That pisses Geto off. Gojo pisses Geto off. Call him a hypocrite, he does not care — he knows he’s no saint. He knows, better than anyone (excluding Shoko), how much of an asshole he can be. Especially in the safety of his mind.
The thing about Geto is that he knows good and well when things should be kept in the safety of his mind. He knows how to plaster a smile on his face and be a functioning person in social situations. As much as his style may say otherwise, Geto Suguru has left his delinquent days behind him. Mostly.
He’s always respectful when he speaks to strangers or his elders, he’s courteous to his classmates even when they’re maybe getting on his nerves a little bit. He doesn’t interrupt, or talk down to others, or act condescending — not even when he really, really wants to. Because that’s what snot-nosed teenagers do as adulthood looms ofer them and reality starts to nip at their heels — they grow up, because they have no choice.
It seems Gojo Satoru never got the message.
People like that piss Suguru off by the mere nature of their existence. The mere idea of waltzing through life like a bull in a china shop the way Gojo Satoru does isn’t just foreign, it’s distasteful. Sure, Suguru probably could do it. He could be an asshole to people when he’s in a bad mood and stop plastering a smile over his frustration, and it would probably make his life a lot easier! There’s just one problem with that concept; Geto is actually a decent person who cares what other people think about him. Unlike some people.
TLDR; his personality fucking sucks. It’s a fact of life. The sun rises in the east, sets in the west, and shines down on a world where Gojo Satoru makes it his life’s mission to be the bane of everyone else’s existence. And oh man, is he fucking succeeding. Because that stupidly smart prick succeeds at everything he tries.
He’s busy picking at the chipped nail polish on his thumb when the door to the classroom swings open, and he resists the urge to groan. Goodbye, peaceful morning. Geto is so sure he didn’t speak of the devil, but he did think about him, so it might be the same thing in the eyes of the universe.

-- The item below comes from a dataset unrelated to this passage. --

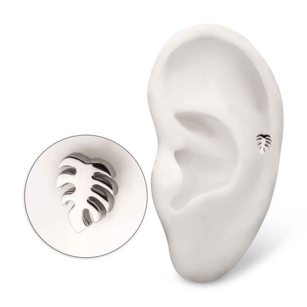 Titanium Threadless Monstera Leaf Top. Manufactured from High Polish Implant Grade Titanium (Ti-6AL-4V-ELI ASTM F136). Pin Size: 0.45mm x 4.7mm.
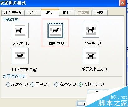 7、在弹出的选框中,我们选择版式,会看到有几种环绕的方式,我们点击四周型

Gojo opens the door like he’s not interrupting the beginning of a lesson. He fucking kicks the door shut and walks right across the front of the room instead of around the back — directly between the teacher in question and the students who actually care enough to put effort into their education. He fucking saunters to the empty desk in front of Suguru’s as if he doesn’t have a care in the world. Yaga just continues talking, long since accustomed to the daily interruption as he leans over his desk and marks Gojo’s name on the attendance sheet.
Suguru watches as he pulls out a pencil and no notebook. The pencil is just for him to twirl between his fingers, his head tilted ever so slightly in the direction of the window he sits next to. Staring out at the clouds as the wind carries them across a light blue sky.
He grits his teeth and, with a lot of mental fortitude, lets up on the white-knuckle grip he’s got on his pen. Suguru counts to three in his head, slowly, and then turns his attention to Yaga instead of the bastard he is unfortunate enough to sit behind. He does an incredibly good job at ignoring the itch under his skin every time he hears Satoru lose his grip and drop his pencil against his desk.
It’s a long day and it isn’t even halfway over. The minutes seem to roll past slower than usual, at times Suguru even thinks the second hand on the clock comes to a complete stop. He definitely thinks it said 11:30 the last time he looked, but then ten minutes go by and he looks again, and it still fucking says 11:30.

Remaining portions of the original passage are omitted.